After two months of taking esomeprazole (Nexium), 44 percent of healthy volunteers who started with no symptoms developed significant heartburn, acid reflux or dyspepsia, compared with 15 percent who took a harmless placebo, the scientists reported in the July issue of Gastroenterology.
Worse, this apparent "rebound" acid secretion could lead to dependence on the drugs, according to the research team led by Dr. Peter Bytzer of Copenhagen University in Denmark.
PPIs are among the most commonly prescribed drugs worldwide, with doctors in the United States writing 113.4 million prescriptions for the drugs last year, according to the health care information company IMS Health. The class includes drugs such as Prilosec, Nexium and Prevacid.
Many primary care doctors put patients with symptoms of chronic heartburn on a trial course of a PPI, a class of drugs that includes such well-known trade names as Prevacid, Aciphex and Prilosec, in addition to Nexium.
However, the researchers noted that up to one-third of these patients keep taking the drug after the symptoms are gone. Physicians in some studies have reported problems getting patients to withdraw from the drug or reduce the dosage they take.
"Thus, patients with ambiguous symptoms that are not truly acid related may be prescribed a PPI empirically, but may find it difficult to withdraw from therapy because of the development of true acid-related symptoms," the researchers said.

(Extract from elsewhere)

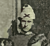 Robert Munro from a picture of the first Scotland Rugby side in 1871.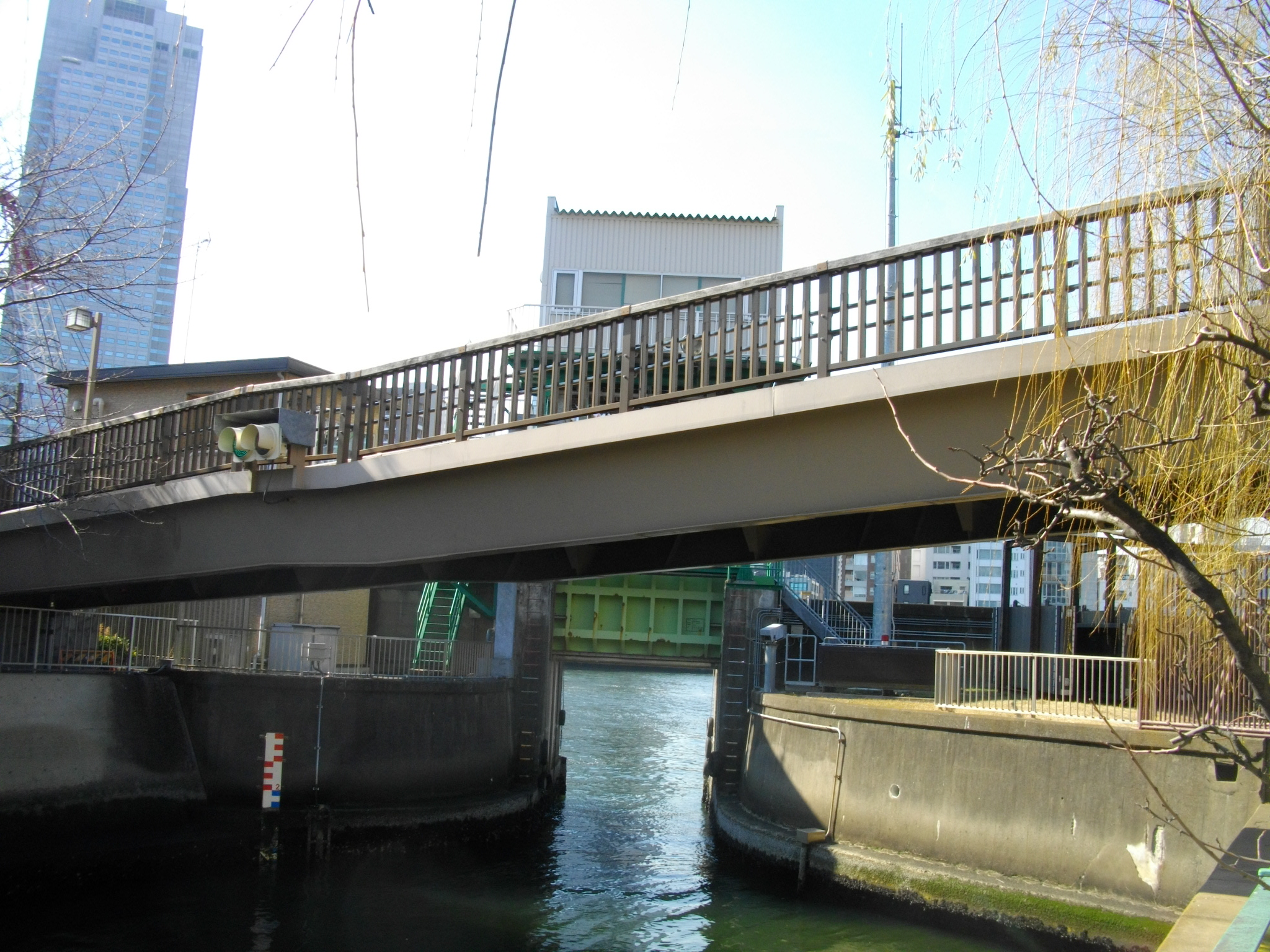 Sumiyoshi-Kobashi

The hypothesis, though controversial, has been that PPIs perpetuate symptoms and necessitate their continued long-term use.
The theory behind this is that lowered stomach acid levels caused by the action of the drugs causes the body to compensate by secreting even more acid into the stomach, the researchers said.
Bytzer's results supported this theory. Symptoms in the PPI group continued, even in the final week of the study, after gastric acid suppression had normalized.
In an accompanying editorial, Dr. Kenneth McColl and Dr. Derek Gillen of the University of Glasgow in Scotland said the findings should challenge current "liberal" prescribing habits.
Among their recommendations:
Restrict PPI use to patients who are most likely to benefit from them, such as those with symptoms accompanied by endoscopic evidence of acid damage.
Limit the PPI trial period to one or two weeks to reduce the chance of inducing hyperacidity and associated symptoms.
Adopt a "step-up" approach rather than "step-down" from medications to lifestyle alterations and milder medications such as antacids or alginates.
Inform patients about rebound acid hypersecretion and its potential effects as part of the discussion about side effects and safety.
To prove that the "acid rebound" symptoms were not simply a relapse of symptoms from underlying disease, Dr. Bytzer's group conducted a double-blind, placebo-controlled trial in 120 healthy volunteers without any prior acid-related disease, symptoms, or treatment.
These participants were randomly selected to receive either 12 weeks of placebo pills or eight weeks of the PPI esomeprazole followed by four weeks of placebo.